- Available records -

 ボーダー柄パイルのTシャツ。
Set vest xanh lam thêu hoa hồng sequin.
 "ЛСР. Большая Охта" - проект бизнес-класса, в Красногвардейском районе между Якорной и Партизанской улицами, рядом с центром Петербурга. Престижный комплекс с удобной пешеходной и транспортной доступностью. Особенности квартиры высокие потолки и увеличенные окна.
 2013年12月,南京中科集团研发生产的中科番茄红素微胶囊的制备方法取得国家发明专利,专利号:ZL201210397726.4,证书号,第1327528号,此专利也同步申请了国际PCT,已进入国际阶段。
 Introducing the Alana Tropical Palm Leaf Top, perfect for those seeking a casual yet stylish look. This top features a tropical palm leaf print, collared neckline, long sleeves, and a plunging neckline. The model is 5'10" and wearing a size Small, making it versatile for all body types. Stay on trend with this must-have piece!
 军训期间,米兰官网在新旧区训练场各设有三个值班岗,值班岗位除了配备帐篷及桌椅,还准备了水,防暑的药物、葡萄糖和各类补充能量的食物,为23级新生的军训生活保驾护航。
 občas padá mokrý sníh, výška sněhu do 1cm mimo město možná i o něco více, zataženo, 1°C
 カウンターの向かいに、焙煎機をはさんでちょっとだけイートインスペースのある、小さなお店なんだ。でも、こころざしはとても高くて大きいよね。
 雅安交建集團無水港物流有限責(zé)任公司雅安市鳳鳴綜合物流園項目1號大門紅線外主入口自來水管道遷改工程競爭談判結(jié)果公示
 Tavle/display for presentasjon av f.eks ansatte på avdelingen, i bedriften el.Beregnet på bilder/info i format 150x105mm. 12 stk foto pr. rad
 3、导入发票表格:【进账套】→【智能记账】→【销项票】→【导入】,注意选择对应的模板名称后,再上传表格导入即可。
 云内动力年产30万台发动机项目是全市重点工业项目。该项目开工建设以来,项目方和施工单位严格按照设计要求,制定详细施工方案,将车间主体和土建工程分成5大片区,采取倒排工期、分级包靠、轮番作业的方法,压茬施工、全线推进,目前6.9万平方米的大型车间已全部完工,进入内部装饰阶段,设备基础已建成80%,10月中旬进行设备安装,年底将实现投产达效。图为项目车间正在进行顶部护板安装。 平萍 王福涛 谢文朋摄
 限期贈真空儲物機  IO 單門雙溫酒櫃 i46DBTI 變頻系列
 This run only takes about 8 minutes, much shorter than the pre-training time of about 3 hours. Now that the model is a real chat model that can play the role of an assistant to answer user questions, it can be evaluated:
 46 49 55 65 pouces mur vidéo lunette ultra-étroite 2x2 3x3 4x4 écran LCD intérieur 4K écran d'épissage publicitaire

- Your instructions -
Give the count of lines in the entries above that hold the word "model", with no other words.

- Answer space -
2